Now this is a story all about how Lou’s life got flipped, turned upside down and I’d like to take a minute, just sit right there. I’ll tell you how she became the ghost with white hair. It all began one morning when she was running a little late for work and decided to eat a bit of leftover takeaway for breakfast. This turned out to be a very bad decision. Within 3 hours she was dead. It’s unclear why she has been forced to haunt her old workplace for all eternity but she does it with dignity and grace. That is until she remembers the takeaway and goes into screaming banshee mode. It can certainly put you off your breakfast. That’s for sure. You may wonder why I’m telling you this. All I can say for sure is that questions are often more intriguing than answers.
We’ve all been there. Well, most of us anyway. It’s Thursday so perhaps a drink after work may be in order. One turns into another. Unfortunately, we all know the end result.
Friday becomes a day of creatively staring at the computer and shuffling round the office in a vain attempt to avoid detection. Little to no work will be done and he’d do well to actively avoid sabotaging himself. All he can look forward to is his boss putting him out of his misery and letting him go home early but he knows that is about as likely to happen as oranges suddenly becoming sentient worldwide. Let this be a lesson to all those thinking today might be that day!!
Whilst painting I managed to spill my cup of tea. Usually a catastrophe of such proportions would cause me to curl up in the fetal position and start crying over the waste of such lovely nectar. This time however, before my tear ducts could react, I saw something in the spill.
Before I knew it the Muse was upon me and I searched frantically for a pencil lest my creative urge abandoned me. After about a long minute of searching I found one behind my ear (damn those days spent on building sites) now all I had to do was a few quick lines and the Muse disappeared to relieve Molly Quirke (age 9) of a small case of creative block related to drawing a horse.
Now i’m not really sure how you can be a captain of a pigment but then again I’m not entirely sure what’s going with the world nowadays, so I suppose I have to expect any and everything goes in this social media age.

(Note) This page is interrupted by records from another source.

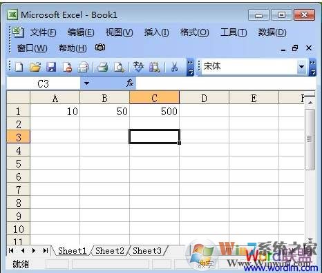 ③现在我们在“A1”和“B1”单元格中输入需要相乘的数据来进行求积,如下图,我分别在A1和B1单元格中输入10和50进行相乘,结果在C1中就会显示出来,等于“500”。
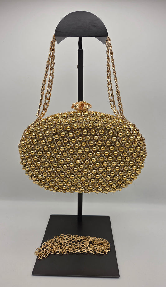 Evening bag clutch, Polyester fabric, push lock closure with detachable shoulder strap. Gold/Silver hardware. L...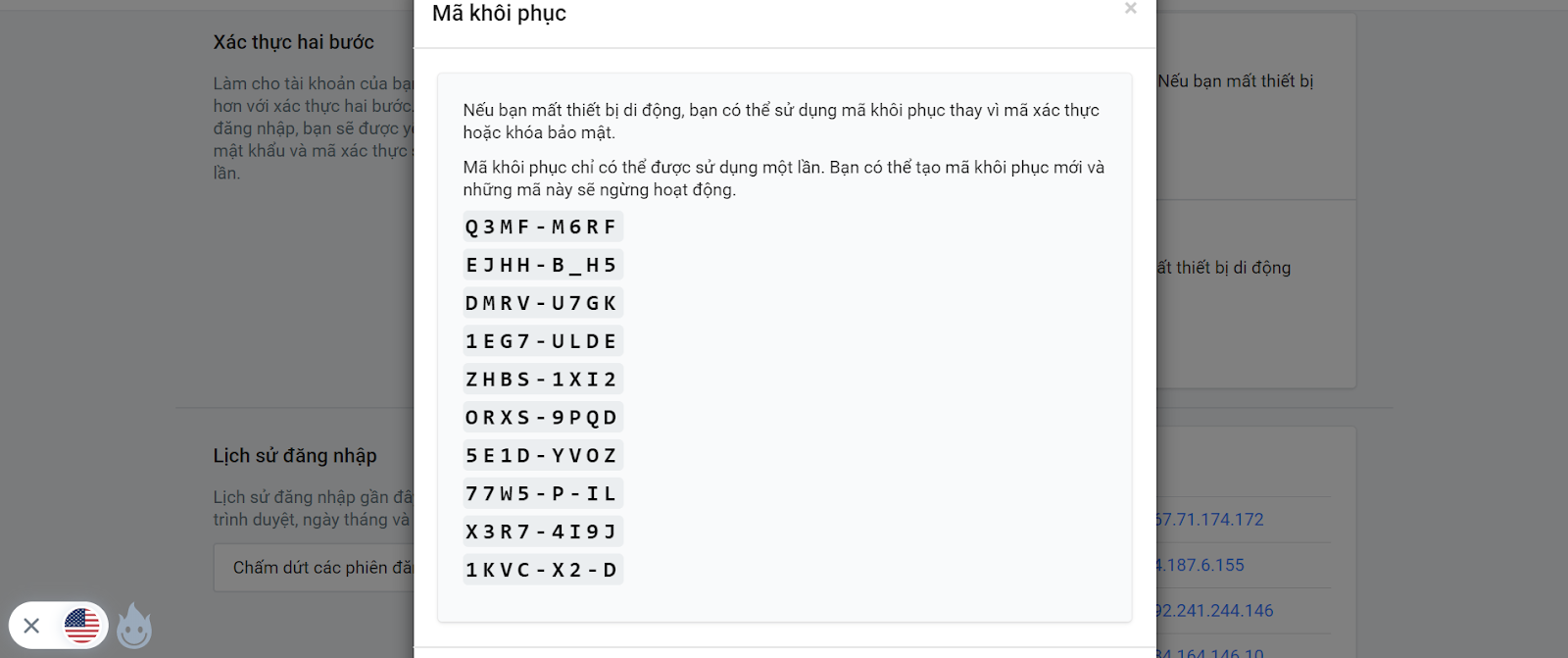 Ở đây sẽ có tất cả 10 mã và mỗi mã chỉ sử dụng 1 lần, và đặc biệt quan trọng bạn nên lưu lại 10 mã này vào 1 nơi an toàn để có thể sử dụng trong những trường hợp trên: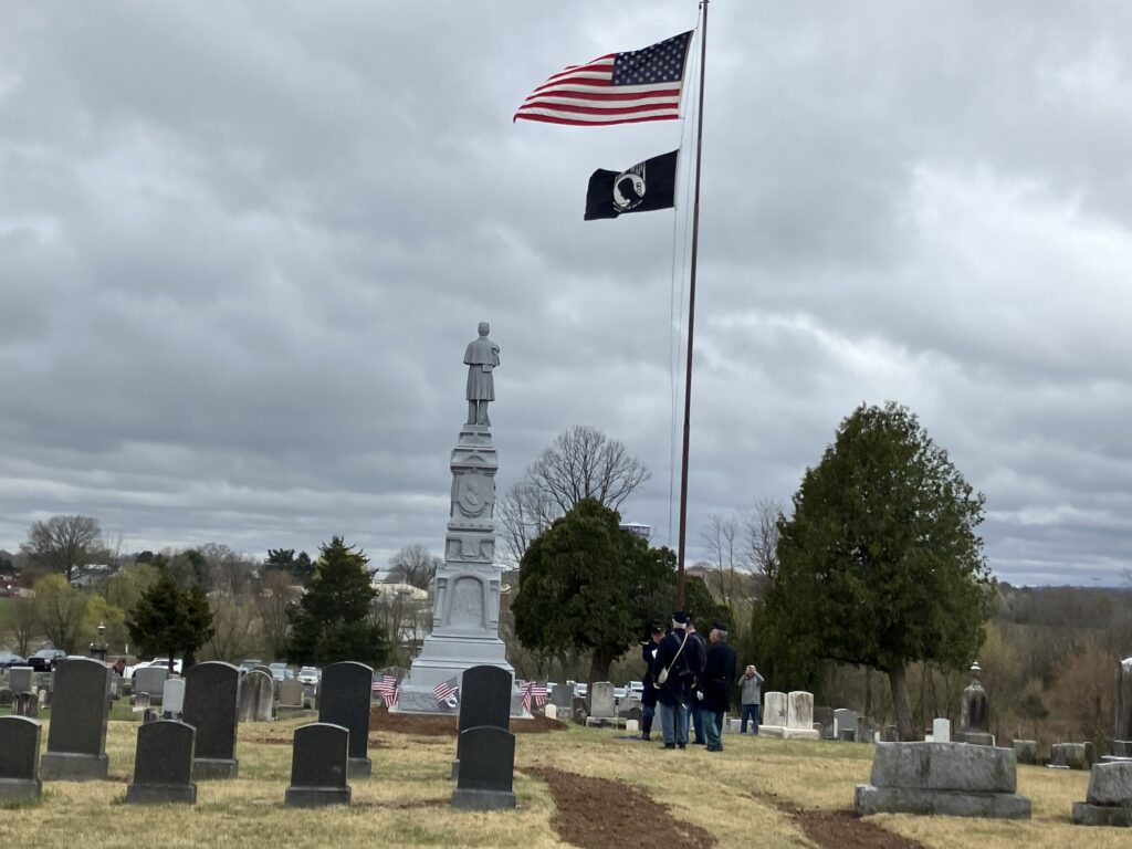 “Look at that figure, that sentry, he stands watch, eternally, vigilant over (the) Civil War veterans that are interred here at his feet. He’s not a commanding officer, he’s not a celebrated hero, but an enlisted man, a very embodiment of duty, unwavering commitment,” Phillips told the ensemble crowd during the ceremony on a cool spring afternoon under mostly cloudy skies. “He represents the countless soldiers who stood watch in the sun, in the wind, in the rain, in the snow, and the mud. So that others may be protected, he represents a man who marched into battle not seeking glory but fulfilling his obligation, represents that quiet courage of a common soldier.”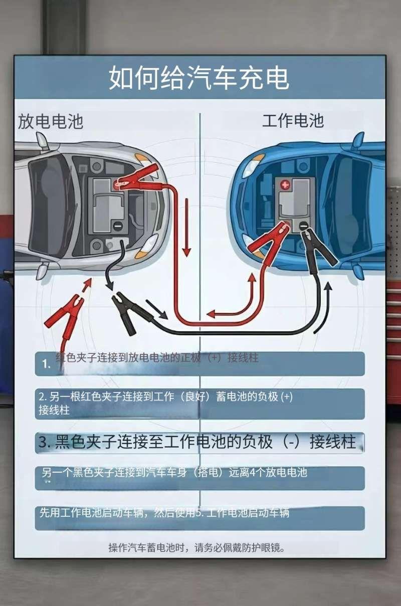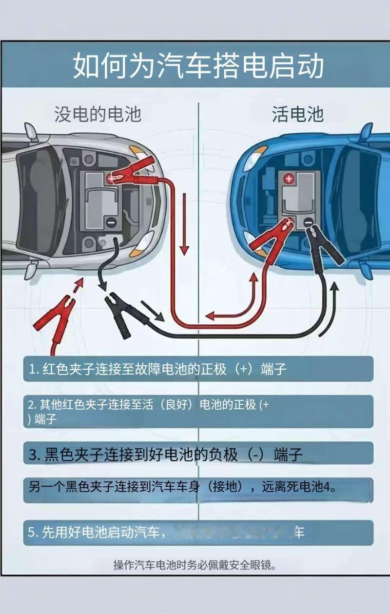 🚗 汽车电瓶亏电怎么搭电?一看就会! 电瓶没电了?别慌!🤷♂️ 把这张图存好,就知道搭电线该夹在哪,不会烧线路。 核心规则就两条: 1️⃣ 红色夹子 —— 夹电瓶正极(+) 2️⃣ 黑色夹子 —— 夹电瓶负极(-),或者夹车身金属部位搭铁 转给那个总忘关车灯的朋友吧!😂👇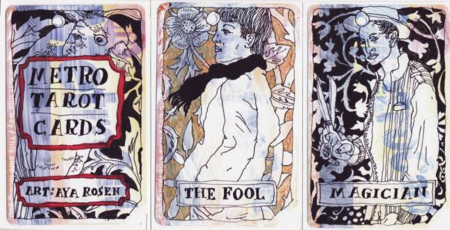 3 June 2010 A week or so ago I received a new tarot by Aya Rosen. Aya is well known for her Black Lily Tarot which she self-published and sold on etsy.com where you can find this and her other artwork on the page louchelab.etsy.com. Aya's work is immediately recognisable by her distinctive drawing style. Her new tarot is the Metro Tarot. It is a set of smallish cards and comes in a soft leather sleeve.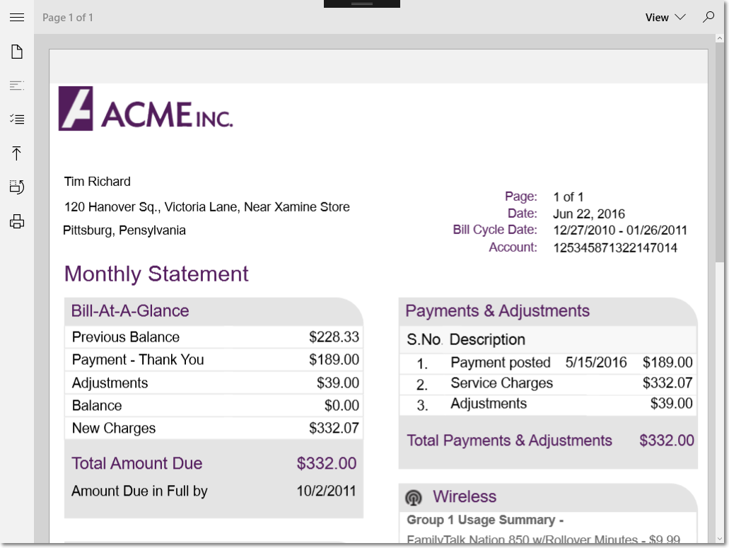 Try ' load from resource stream Using stream As Stream = asm.GetManifestResourceStream("BindingApp.Resources.TelephoneBillReport.flxr") rpt.Load(stream, "TelephoneBillReport") End Using Catch ex As Exception Dim md As New MessageDialog(String.Format("Failed to Load Report", rpt.ReportName, ex.Message), "Error") Await md.ShowAsync() Return End Try Flxviewer.DocumentSource = rpt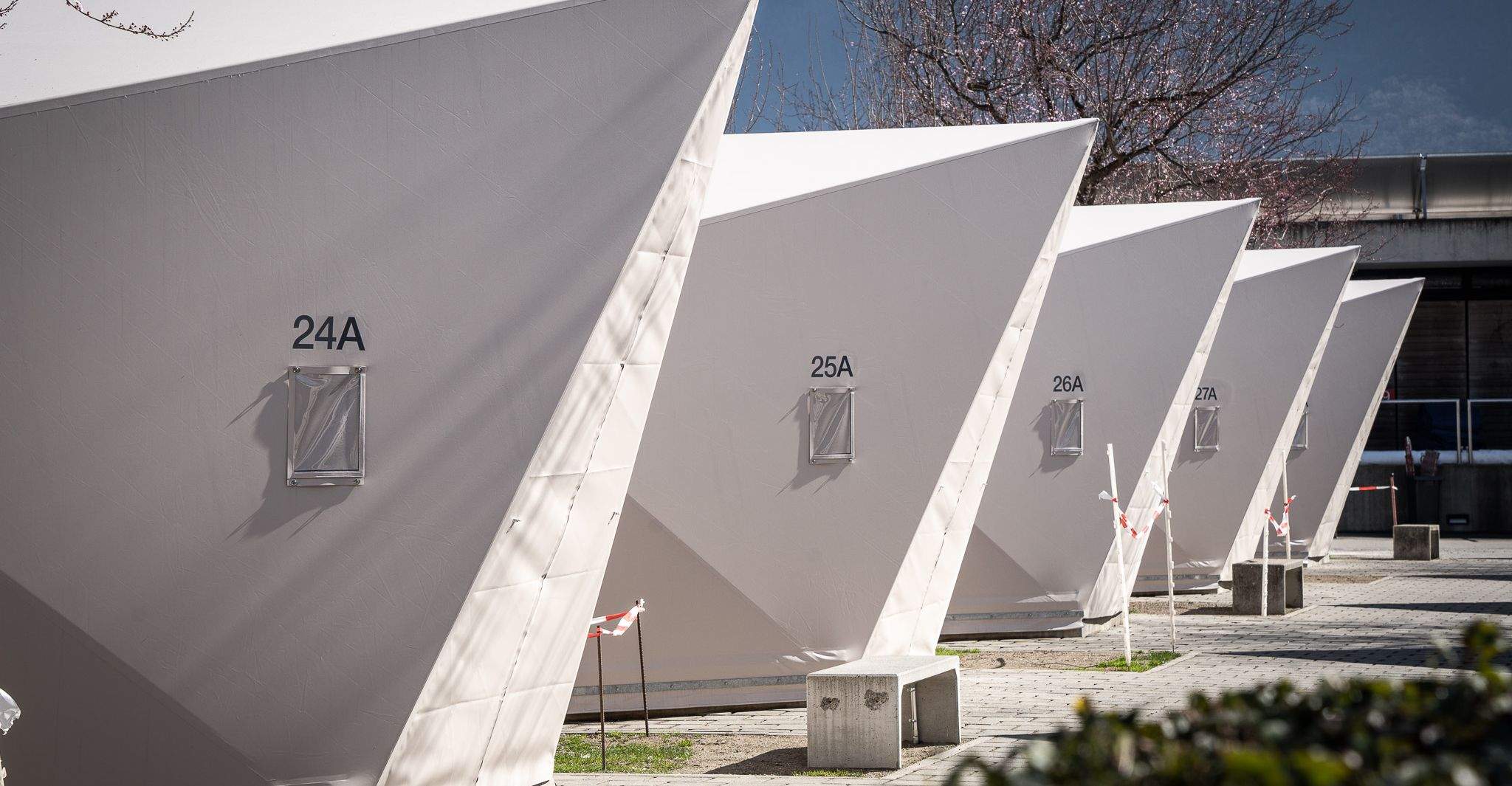 At the Centro Sportivo Tenero, a familiar camping landscape was reimagined through the replacement of the existing tent infrastructure with a new generation of textile structures. The challenge was not simply to renew aging units, but to create a tent architecture that would preserve the spirit of the site while offering a clearly improved spatial and climatic quality.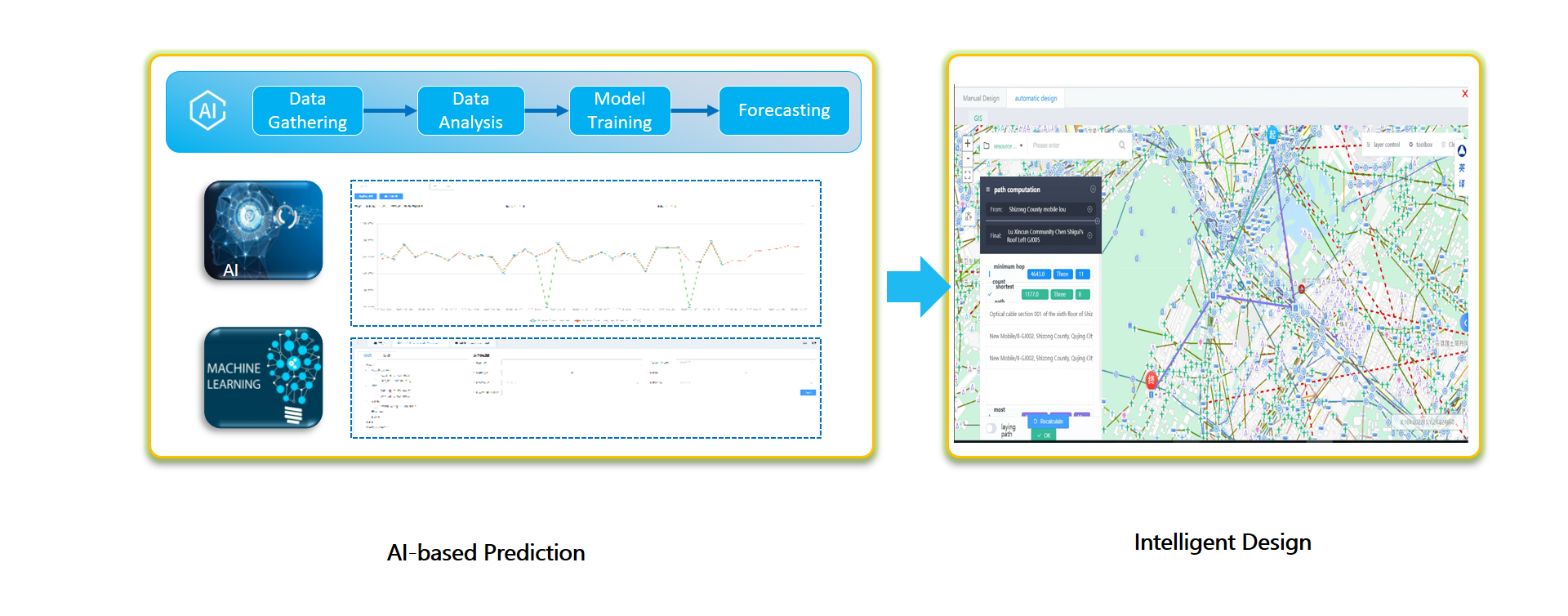 Based on AI capacity prediction and request for new Physical Network Infrastructure, URM supports online network planning & design tool on GIS map, BOM & CAD & budget generation to guide construction and resource data use.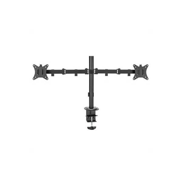 | Características | - Monitores soportados: 17' - 32' - VESA: 75x75 y 100x100 - Peso máximo soportado: 9 kg por brazo - Ángulos: Inclinación: +45°/-45° Giro: +90°/-90° Rotación: +180°/-180° - Altura: ajustable hasta 407 mm - Extensión máxima de los brazos: 441 mm - Instalación mediante abrazadera o tornillo pasante - Apertura abrazadera: 1 a 8,5 cm - Profundidad tornillo pasante: 1 a 4 cm - Color: negro - Peso neto: 3,45 kg - Peso bruto: 5 kg - Medidas (embalaje): 426 x 107 x 187 mm - Incluye manual, tornillería e instrucciones de instalación - Cumple especificaciones RoHS |
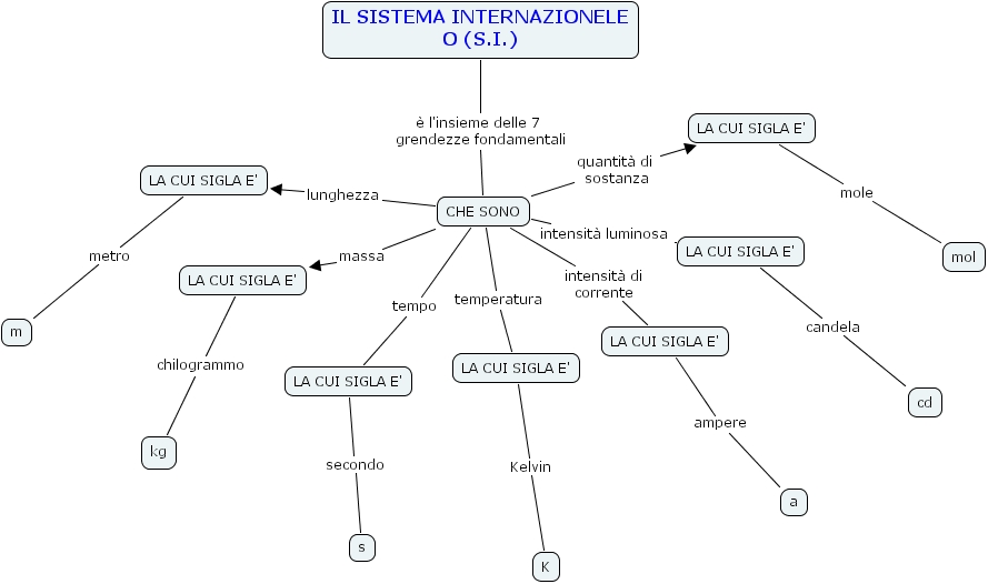 LA CUI SIGLA E' Kelvin K, CHE SONO temperatura LA CUI SIGLA E', CHE SONO massa LA CUI SIGLA E', LA CUI SIGLA E' secondo s, CHE SONO quantit� di sostanza LA CUI SIGLA E', LA CUI SIGLA E' mole mol, CHE SONO intensit� di corrente LA CUI SIGLA E', LA CUI SIGLA E' ampere a, LA CUI SIGLA E' chilogrammo kg, IL SISTEMA INTERNAZIONELE O (S.I.) � l'insieme delle 7 grendezze fondamentali CHE SONO, CHE SONO lunghezza LA CUI SIGLA E', LA CUI SIGLA E' candela cd, LA CUI SIGLA E' metro m, CHE SONO tempo LA CUI SIGLA E', CHE SONO intensit� luminosa LA CUI SIGLA E'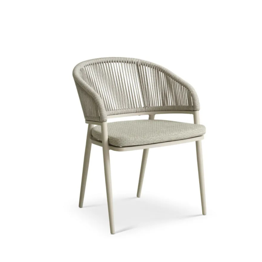 Materialerne er udvalgt med henblik på holdbarhed og minimal vedligeholdelse, så stolen kan bruges sæson efter sæson. Resultatet er en praktisk og elegant havestol, der både fungerer i mindre uderum og omkring større spisepladser på terrassen.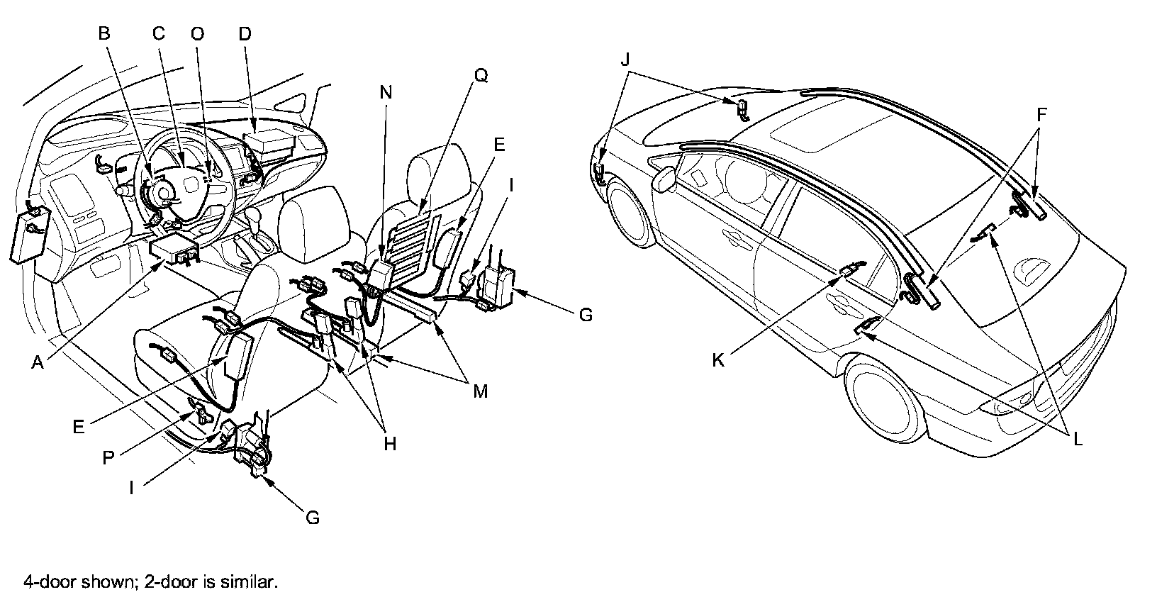 The SRS is a safety device which, when used with the front seat belts, is designed to help protect the driver and front passenger in a frontal impact exceeding a certain set limit. The system consists of the SRS unit (A), including safing sensor and impact sensor, the cable reel (B), the driver's airbag (C), the front passenger's airbag (D), the side airbags (E), the side curtain airbags (F), the front seat belt tensioners (G), the front seat belt buckle tensioners (H), the side impact sensors (first) (I), the front impact sensors (J), the rear safing sensor (K), and the side impact sensors (second) (L).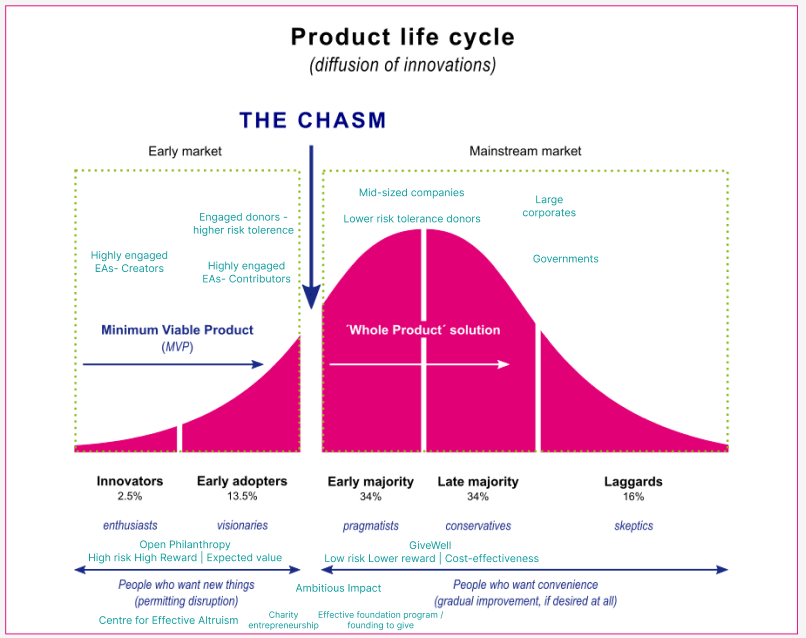 If we think about EA brand as a product, I’d guess we’re in “The Chasm” below as the EA brand is too associated with the “weird” stuff that innovators are doing to be effectively sold to lower risk tolerance markets.

In fact just looking through this guy’s social media feed it would seem he’s no captain at all but just someone who has a unhealthy fascination with cadmium in all forms. That said he seems to be more interested in the colours it can make instead of its use in mobile phone batteries.
He tried to get in to the game of mining cadmium but instead of trying the tried and tested techniques he decided that he would try and obtain as much as he could by smoking as much as he could. Now as we all know this is an incredibly dangerous idea but the captain is now the biggest and only dealer in cigarette obtained cadmium. I have to say i really don’t think this is a good business model at all but c’est la vie i suppose…
It’s a beautiful thing isn’t it? Hindsight that is. If only I knew then what I know now, things would have been very different.
Frankie here can be a bit of a nightmare – as i’ve just found out. In passing one day I mentioned that she may make an interesting subject to paint and since then she just keeps turning up at the studio and taking her clothes off. I asked repeatedly to stop doing it but she kept saying she wanted to be painted. There was only so much of her hanging around drinking all the tea and eating all the biscuits before I had to relent and paint her anyway.
Afterward I told her about a nearby life drawing class and she’s now become a full time life drawing model. At least she seems happy now and people dropping by the studio no longer wonder why a naked woman is hanging around…
She is on A4 and made with the magic of imagination, smoke, pencil and acrylic.
With a touch of the devil in her eyes, this lady is an inhuman force to be reckoned with. She can give just a side glance at any unsuspecting passerby and they will be under her spell, never seemingly to properly return to the land of the living ever again.
All they seem to be able to do with themselves is sing on the chorus to The Trammps 1976 hit ‘Disco Inferno’ on constant repeat. Now not that I dislike the song but when you’re walking around in your local neighbourhood going about your daily life it can get quite tiresome when nearly every passerby is belting it out at the top of their voice and it doesn’t help when they all sound like a gang of drunk cats about to jump in to a swimming pool. I may need to do something about all this…
Due to incestuous breeding practices between many of the European royal houses over the last few centuries, poor Otto here has an unprecedented cross to bear which could have only come about due to these bizarre and ultimately unhealthy practises.
The problem arises due to the fact that poor Otto is now the king of four different European countries. Don’t ask me how this happened but I believe it has something to do with some arcane royal protocols that no one thought to have a look at and change.
If that wasn’t enough poor Otto was born with eyes that some in private circles have called bug-like and a head that is as flat as a tabletop. Now, this wouldn’t be too much of an issue apart from when it comes to making sure his crowns stay firmly in place…
It is painted on 60×60 cm canvas and made using the magic of inspiration, acrylic, pastel and spray paint.